## TASK GOAL:
Where the records contain images, omit them, and repeat everything else word for word.

## RECORDS FOR THIS EXERCISE:
=== Begin Enclosure ===

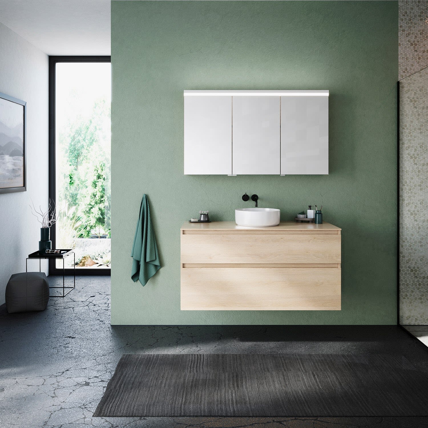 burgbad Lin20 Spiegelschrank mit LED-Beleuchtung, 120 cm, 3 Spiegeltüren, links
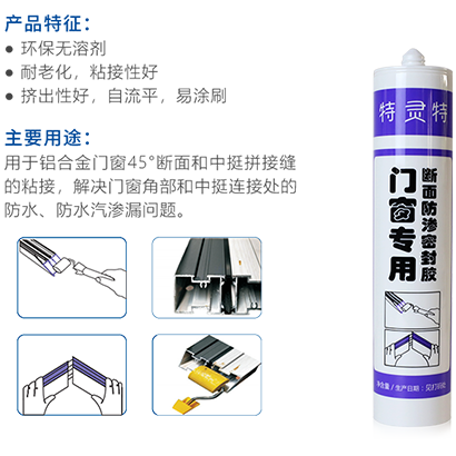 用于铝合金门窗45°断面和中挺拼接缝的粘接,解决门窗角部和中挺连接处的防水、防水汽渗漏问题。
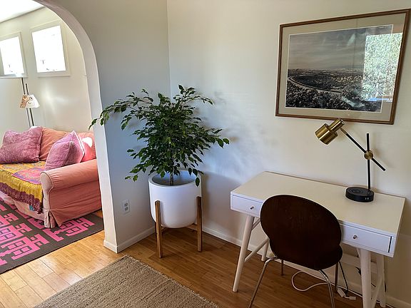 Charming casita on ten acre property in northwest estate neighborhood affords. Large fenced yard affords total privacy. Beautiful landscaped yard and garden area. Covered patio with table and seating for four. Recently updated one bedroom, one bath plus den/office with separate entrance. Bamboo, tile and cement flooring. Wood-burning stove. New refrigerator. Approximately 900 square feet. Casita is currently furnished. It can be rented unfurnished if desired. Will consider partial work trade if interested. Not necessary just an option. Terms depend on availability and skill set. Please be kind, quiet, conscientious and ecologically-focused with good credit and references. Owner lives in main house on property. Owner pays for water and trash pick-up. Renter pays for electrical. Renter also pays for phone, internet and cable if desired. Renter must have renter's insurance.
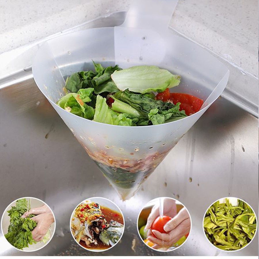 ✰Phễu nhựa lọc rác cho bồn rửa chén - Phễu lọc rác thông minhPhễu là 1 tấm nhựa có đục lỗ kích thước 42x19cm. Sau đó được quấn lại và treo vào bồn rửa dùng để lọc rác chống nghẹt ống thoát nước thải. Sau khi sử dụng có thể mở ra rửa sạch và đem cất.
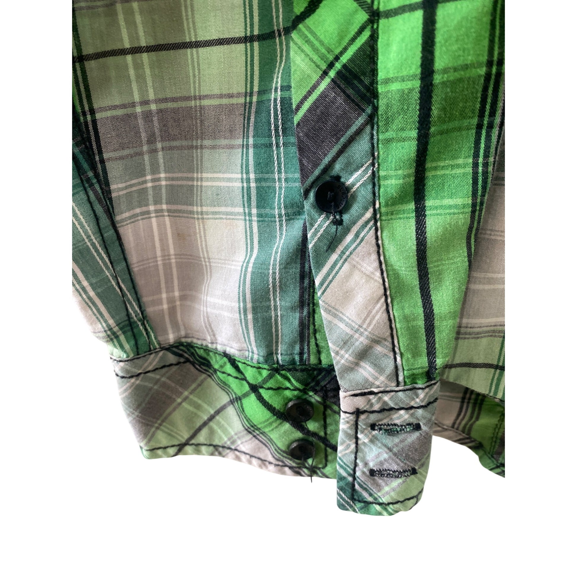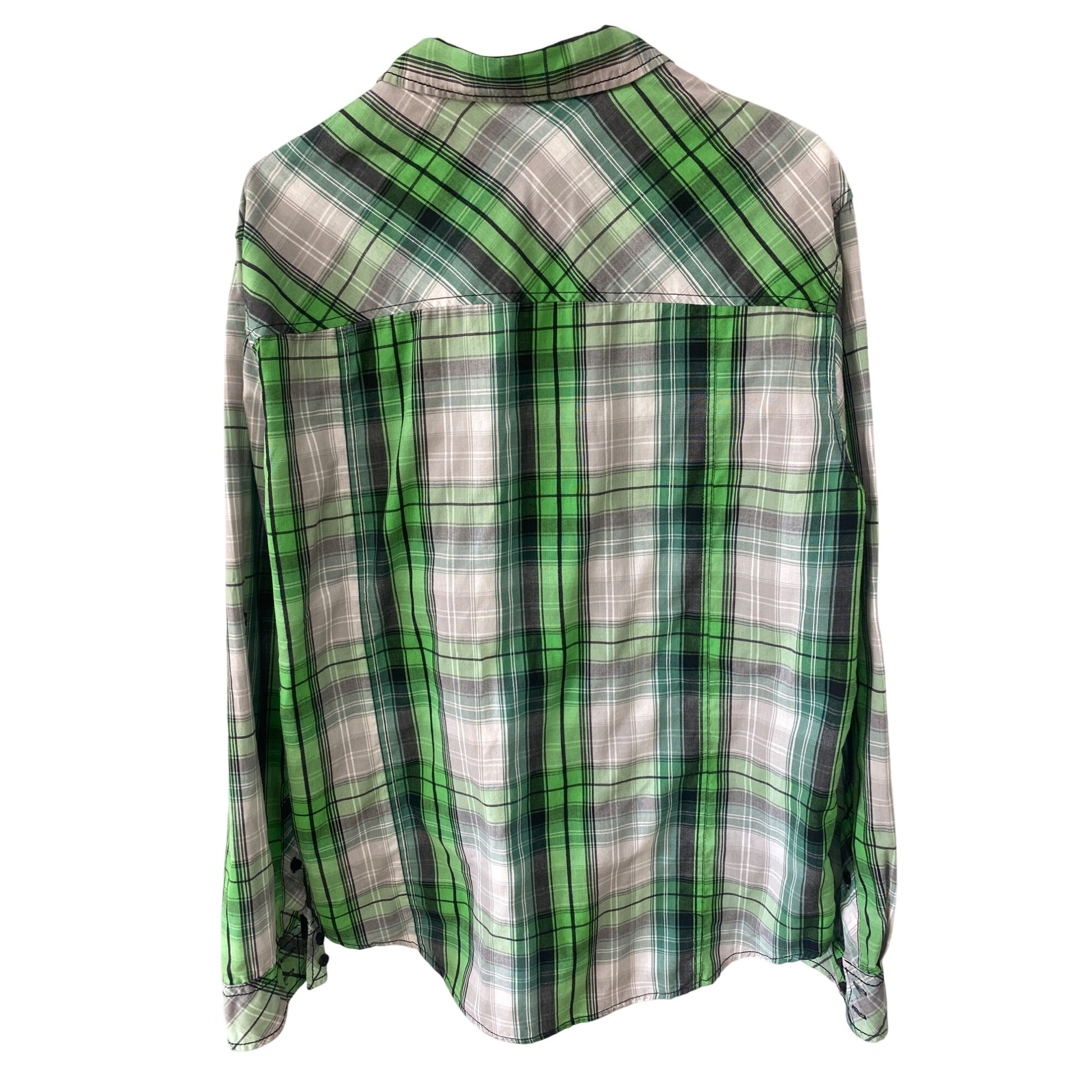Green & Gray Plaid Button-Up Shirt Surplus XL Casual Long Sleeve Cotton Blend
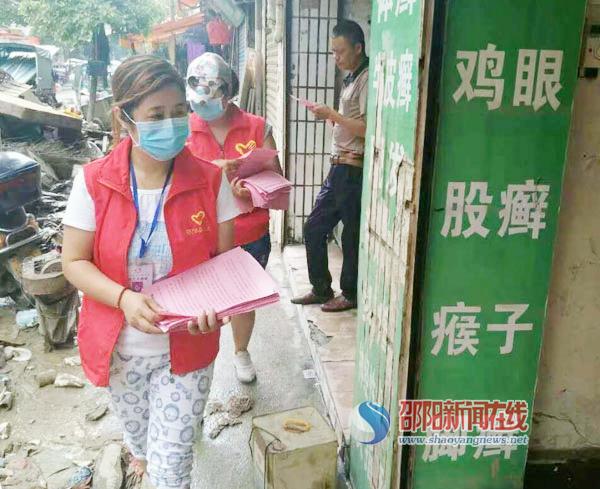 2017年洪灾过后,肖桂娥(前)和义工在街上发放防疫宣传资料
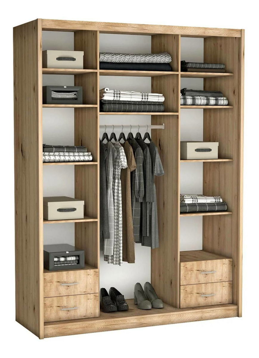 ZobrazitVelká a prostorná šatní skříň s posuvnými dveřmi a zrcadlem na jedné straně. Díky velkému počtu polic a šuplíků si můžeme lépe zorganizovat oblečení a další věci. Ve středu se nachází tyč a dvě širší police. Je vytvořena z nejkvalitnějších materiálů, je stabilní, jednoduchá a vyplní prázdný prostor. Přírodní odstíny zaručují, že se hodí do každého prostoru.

=== End Enclosure ===

## EXPECTED OUTPUT:
 burgbad Lin20 Spiegelschrank mit LED-Beleuchtung, 120 cm, 3 Spiegeltüren, links
 用于铝合金门窗45°断面和中挺拼接缝的粘接,解决门窗角部和中挺连接处的防水、防水汽渗漏问题。
 Charming casita on ten acre property in northwest estate neighborhood affords. Large fenced yard affords total privacy. Beautiful landscaped yard and garden area. Covered patio with table and seating for four. Recently updated one bedroom, one bath plus den/office with separate entrance. Bamboo, tile and cement flooring. Wood-burning stove. New refrigerator. Approximately 900 square feet. Casita is currently furnished. It can be rented unfurnished if desired. Will consider partial work trade if interested. Not necessary just an option. Terms depend on availability and skill set. Please be kind, quiet, conscientious and ecologically-focused with good credit and references. Owner lives in main house on property. Owner pays for water and trash pick-up. Renter pays for electrical. Renter also pays for phone, internet and cable if desired. Renter must have renter's insurance.
 ✰Phễu nhựa lọc rác cho bồn rửa chén - Phễu lọc rác thông minhPhễu là 1 tấm nhựa có đục lỗ kích thước 42x19cm. Sau đó được quấn lại và treo vào bồn rửa dùng để lọc rác chống nghẹt ống thoát nước thải. Sau khi sử dụng có thể mở ra rửa sạch và đem cất.
Green & Gray Plaid Button-Up Shirt Surplus XL Casual Long Sleeve Cotton Blend
 2017年洪灾过后,肖桂娥(前)和义工在街上发放防疫宣传资料
 ZobrazitVelká a prostorná šatní skříň s posuvnými dveřmi a zrcadlem na jedné straně. Díky velkému počtu polic a šuplíků si můžeme lépe zorganizovat oblečení a další věci. Ve středu se nachází tyč a dvě širší police. Je vytvořena z nejkvalitnějších materiálů, je stabilní, jednoduchá a vyplní prázdný prostor. Přírodní odstíny zaručují, že se hodí do každého prostoru.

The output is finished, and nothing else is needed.